TASK DESCRIPTION:
Your copy of the listing must be exact and must hold no images.

DATASET CONTENT:
= = = = = = =
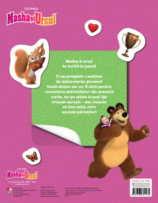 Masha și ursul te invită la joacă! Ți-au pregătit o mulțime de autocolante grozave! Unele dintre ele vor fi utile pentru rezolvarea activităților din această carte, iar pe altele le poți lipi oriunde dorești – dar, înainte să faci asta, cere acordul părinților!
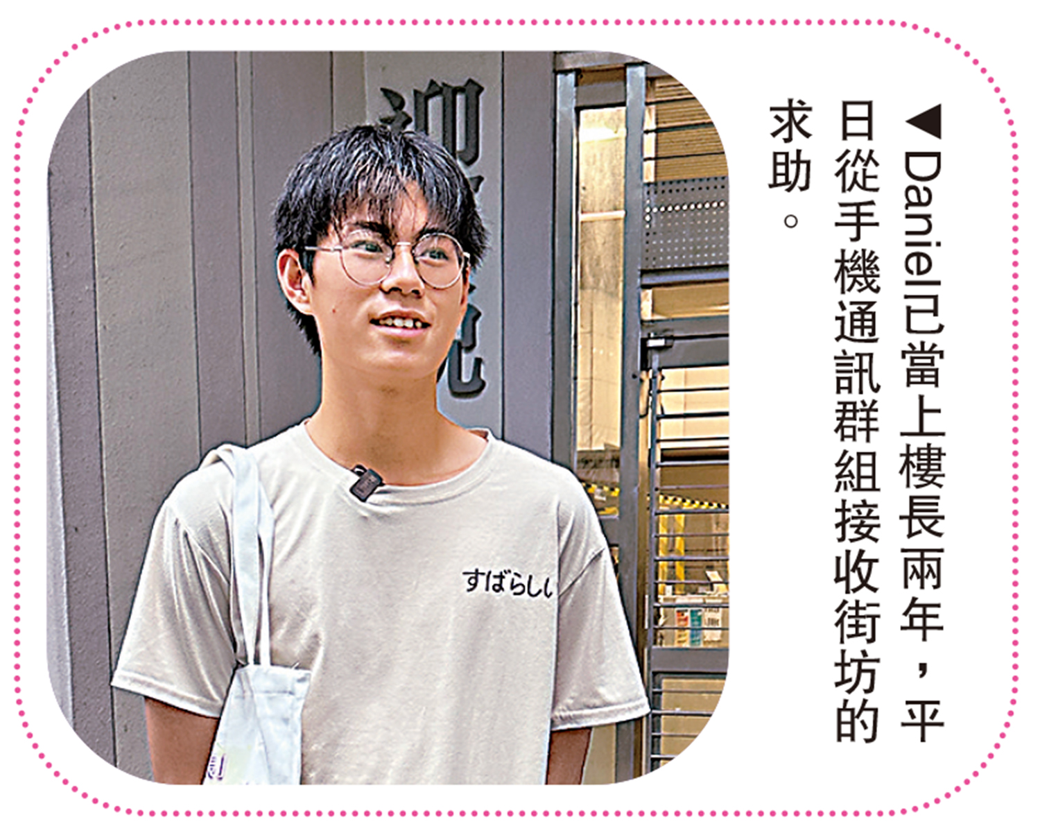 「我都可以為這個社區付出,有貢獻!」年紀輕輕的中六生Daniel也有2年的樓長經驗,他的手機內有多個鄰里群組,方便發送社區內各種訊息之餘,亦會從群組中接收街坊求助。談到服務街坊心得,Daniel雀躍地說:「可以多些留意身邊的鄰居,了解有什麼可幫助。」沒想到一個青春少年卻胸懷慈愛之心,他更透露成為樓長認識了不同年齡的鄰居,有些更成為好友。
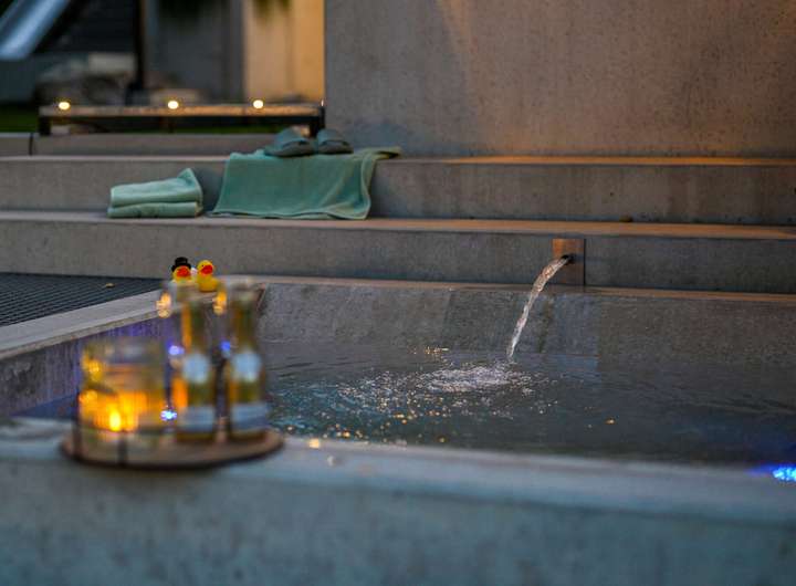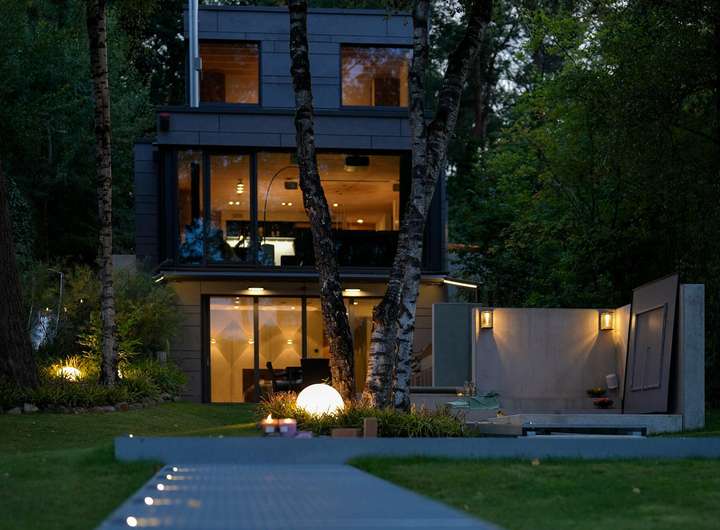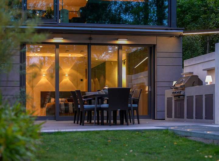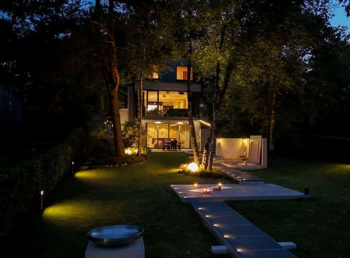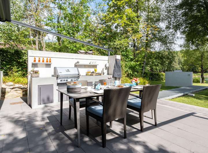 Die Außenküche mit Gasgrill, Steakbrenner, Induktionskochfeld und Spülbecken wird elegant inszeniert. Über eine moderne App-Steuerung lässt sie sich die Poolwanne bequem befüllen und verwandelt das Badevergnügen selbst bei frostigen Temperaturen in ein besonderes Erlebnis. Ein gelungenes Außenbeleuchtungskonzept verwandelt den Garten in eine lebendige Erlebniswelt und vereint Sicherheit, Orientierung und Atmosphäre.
= = = = = = =
COMPLETED TASK:
 Masha și ursul te invită la joacă! Ți-au pregătit o mulțime de autocolante grozave! Unele dintre ele vor fi utile pentru rezolvarea activităților din această carte, iar pe altele le poți lipi oriunde dorești – dar, înainte să faci asta, cere acordul părinților!
 「我都可以為這個社區付出,有貢獻!」年紀輕輕的中六生Daniel也有2年的樓長經驗,他的手機內有多個鄰里群組,方便發送社區內各種訊息之餘,亦會從群組中接收街坊求助。談到服務街坊心得,Daniel雀躍地說:「可以多些留意身邊的鄰居,了解有什麼可幫助。」沒想到一個青春少年卻胸懷慈愛之心,他更透露成為樓長認識了不同年齡的鄰居,有些更成為好友。
 Die Außenküche mit Gasgrill, Steakbrenner, Induktionskochfeld und Spülbecken wird elegant inszeniert. Über eine moderne App-Steuerung lässt sie sich die Poolwanne bequem befüllen und verwandelt das Badevergnügen selbst bei frostigen Temperaturen in ein besonderes Erlebnis. Ein gelungenes Außenbeleuchtungskonzept verwandelt den Garten in eine lebendige Erlebniswelt und vereint Sicherheit, Orientierung und Atmosphäre.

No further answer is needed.